Dass ich im Urlaub, selbst wenn ich mir eine Kugel Eis kaufen möchte, meine Frau fragen muss, tut mir – der ich mich sonst immer für alles zuständig fühle – ganz gut.

Was ich seit diesem Morgen im Sommer 2024 weiß: Wenn es weitergehen soll, muss man zuweilen ziemlich unvorstellbare Entscheidungen treffen. Wie ohne Geldbeutel samt höchst wichtigen Inhalten in den Urlaub zu fliegen. Und ich weiß seither auch dass ich zur Not auch ohne all die scheinbar lebensnotwendigen Dinge klarkomme. Vorausgesetzt, es ist einer da der bereit ist, mir zu helfen.

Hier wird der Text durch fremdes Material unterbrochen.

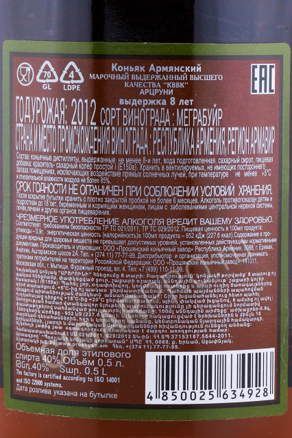Арцруни коньяк армянский выдержка 8 лет ординарный коньяк, производится по классической технологии путем купажирования коньячных дистиллятов минимальный срок выдержки, которых 8 лет.

Denn es wurde trotzdem ein wunderbarer Urlaub, auch dank meiner Frau und ihrer Kreditkarte.

"Suchet, so werdet ihr finden," sagt Jesus. Und: "Bittet, so wird euch gegeben." Das sagt er auch. Dass wir immer das finden, was wir zunächst suchen, das sagt er nicht. Und auch nicht, dass er uns immer das gibt, worum wir bitten. Die Bitten meiner Stoßgebete, die ich halb flehend, halb  fluchend zwischen 4 und 5 Uhr morgens durchs Pfarrhaus gefaucht habe, wurden nicht erfüllt. Und doch hat er mich gehört. Ganz sicher. .

Mein Geldbeutel, der lag übrigens die ganze Zeit auf meinem Schreibtisch. Ich hatte ihn einfach übersehen.